This tutorial walks through building a RAG (Retrieval-Augmented Generation) agent that answers questions using your own knowledge base.
What You'll Build
A question-answering agent that:
- Searches a vector database for relevant content
- Uses retrieved documents as context for the LLM
- Returns answers with source citations
- Handles cases where no relevant information is found
Prerequisites
- An Agentuity project (Quickstart if you need one)

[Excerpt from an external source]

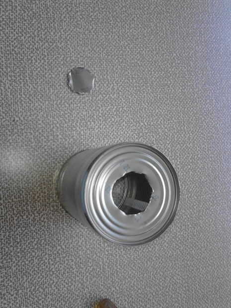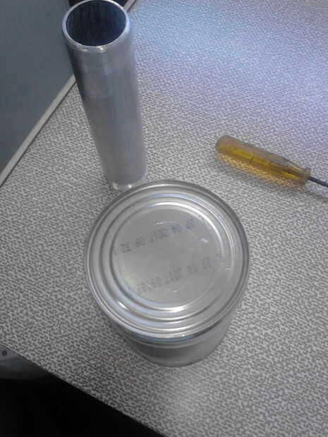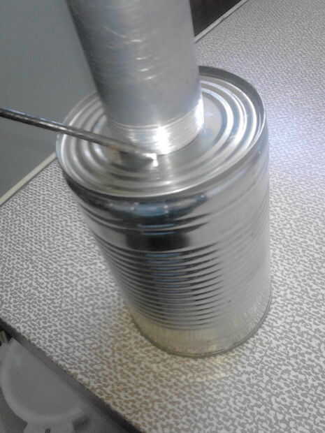 Siguiente paso es cortar el círculo en la parte inferior de la lata, tamaño exacto (o apenas un poco más pequeño) de tubo de aluminio.

- Basic familiarity with Vector Storage
Project Structure
src/agent/knowledge/
└── agent.ts # RAG agent logic
src/api/
└── index.ts # HTTP endpoint
Create the Agent
When a user asks a question, the agent needs to:
- Search the vector database for relevant documents
- Build context from the search results
- Generate an answer using the LLM with that context
- Return the answer with source citations
import { createAgent } from '@agentuity/runtime';
import { generateText } from 'ai';
import { openai } from '@ai-sdk/openai';
import { z } from 'zod';
const agent = createAgent('Knowledge Agent', {
description: 'Answers questions using a knowledge base',
schema: {
input: z.object({
question: z.string().describe('The question to answer'),
}),
output: z.object({
answer: z.string(),
sources: z.array(z.object({
id: z.string(),
title: z.string(),
relevance: z.number(),
})),
confidence: z.number().min(0).max(1),
}),
},
handler: async (ctx, input) => {
ctx.logger.info('Searching knowledge base', { question: input.question });
// Search for relevant documents
const results = await ctx.vector.search('knowledge-base', {
query: input.question,
limit: 5,
similarity: 0.7,
});
// Handle no results
if (results.length === 0) {
ctx.logger.info('No relevant documents found');
return {
answer: "I couldn't find relevant information to answer your question.",
sources: [],
confidence: 0,
};
}
// Build context from search results
const context = results
.map((r, i) => `[${i + 1}] ${r.document}`)
.join('\n\n');
ctx.logger.debug('Built context from documents', {
documentCount: results.length
});
// Generate answer with LLM
const { text } = await generateText({
model: openai('gpt-5-mini'),
system: `You are a helpful assistant that answers questions based on provided context.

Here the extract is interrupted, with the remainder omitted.